Further statistics and cases at peer institutions indicated that “contemporary studies showed no improvement” in matters of sexual harassment between faculty and graduate or professional students since Cornell’s Faculty Senate originally adopted a policy in 1996.
This resolution differs from a similar one made last year. However, the resolution presented last year never made it to the floor of the Faculty Senate, according to Waymack.
Waymack said she wants to allow the Student Advocacy Committee to be able to present this new resolution to the Faculty Senate, ensuring graduate and professional students get a voice in an issue that pertains to them and the Faculty Senate does not avoid addressing the resolution indefinitely.
“There’s a bit more accountability built into this and we get to speak for ourselves,” Waymack explained.
“I am uncomfortable with the way that the Faculty Senate felt comfortable speaking our behalf,” Waymack continued. “I want to make sure GPSA is listening to our constituents and listening to the Student Assembly.”
Waymack also said that a policy regarding student and faculty relationships “should not be something where we’re behind.”
“It’s a little appalling that a lot of corporate workplaces have more stringent rules about romantic and sexual relationships as they pertain to office hierarchies than academia,” she said.
In dissent to the resolution, Richard Walroth, Counsel, gave examples of faculty who are married to former students.
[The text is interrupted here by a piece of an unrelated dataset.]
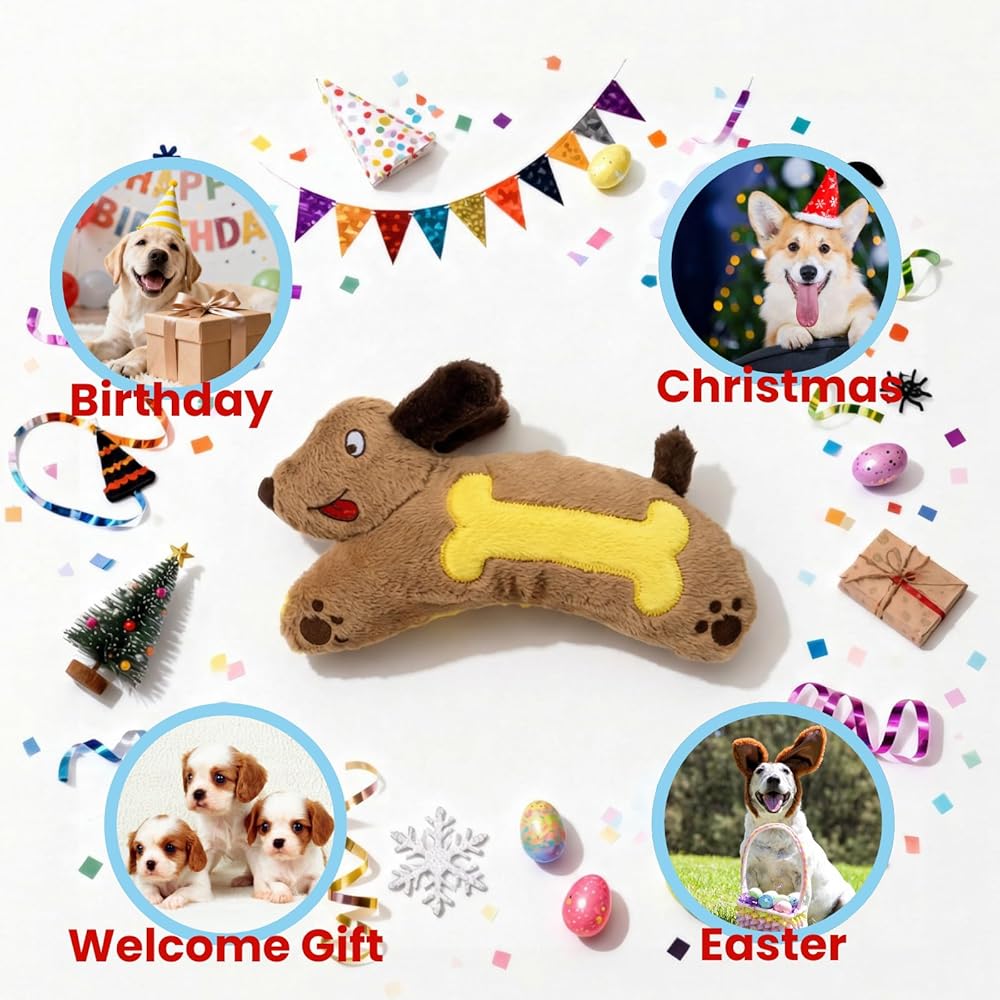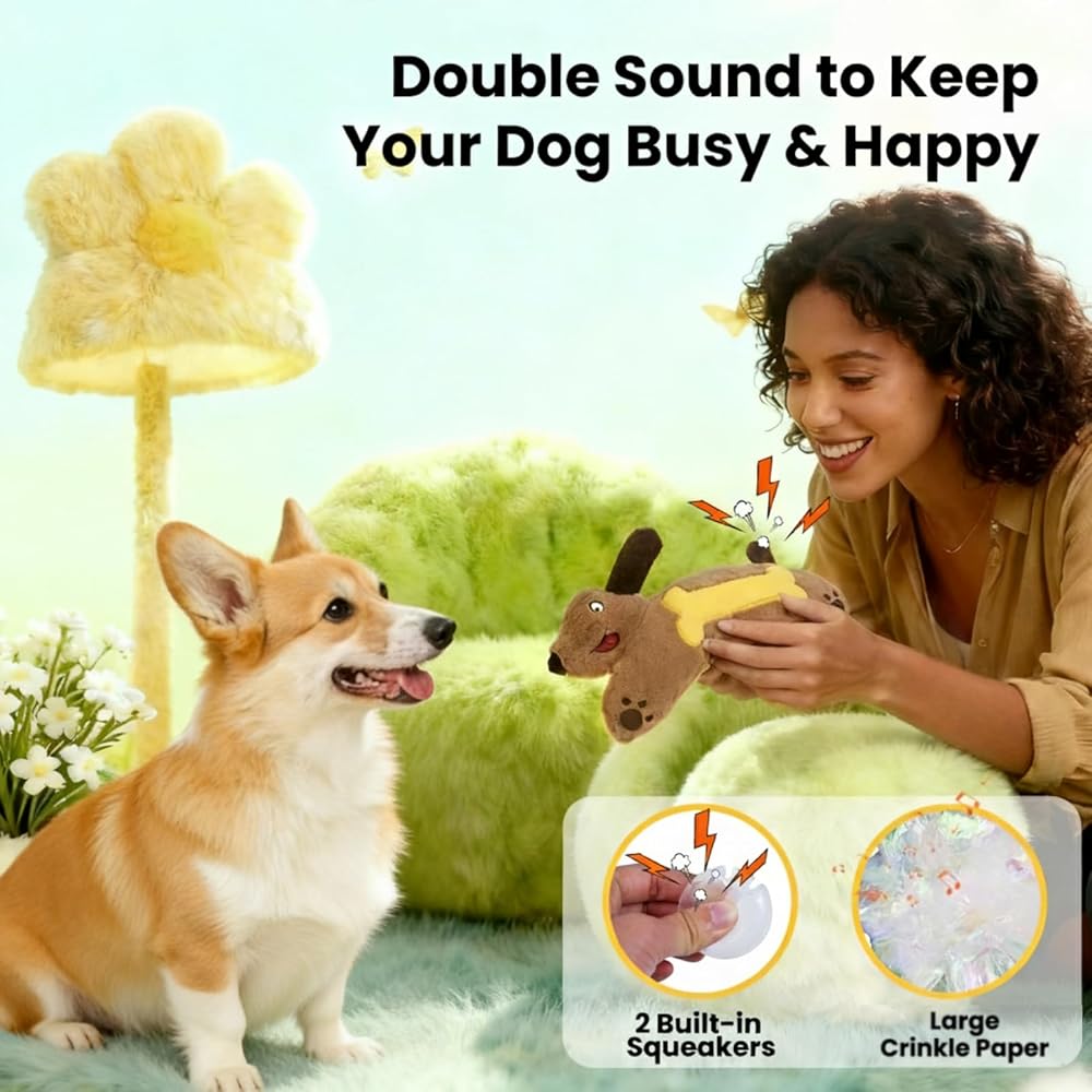 لعبة الكلب القطيفة التي تصدر صوت صرير من اتش جي بي - ألعاب الجرو الألماني المجعد للسلالات الصغيرة والمتوسطة والكبيرة، لعبة الحيوانات الأليفة المحشوة التفاعلية للتسنين وجلب المضغ لإبقائهم مشغولين وتخفيف القلق

“This is an indication that in some cases these relationships do work out well for students,” he said. “A blanket ban seems to ignore that fact.”
Walroth was also in agreement that “the issue here is coercion” and was concerned that “a blanket ban would just drive these issues underground.”
Manisha Munasinghe, grad, argued that changes to the policy deserved a referendum, involving a larger body of people in making the decision.
“We can’t say that we know how a graduate or a professional student feels about this.” Munasinghe said. “We need to understand what the students want and come back with a strong policy change.”
Jesse Goldberg, grad, acknowledged how important it was that the resolution looked forward towards individuals’ professional careers.
“We should think about the ways in which our relationships follow us for years in ways that aren’t clear at the moment of a class,” he said. “While it sounds like a very strong blanket ban, I think it’s very limited.”
At the end of the discussion, Resolution 14 was recommitted to the Student Advocacy Committee and will be on the floor again at the next GPSA meeting.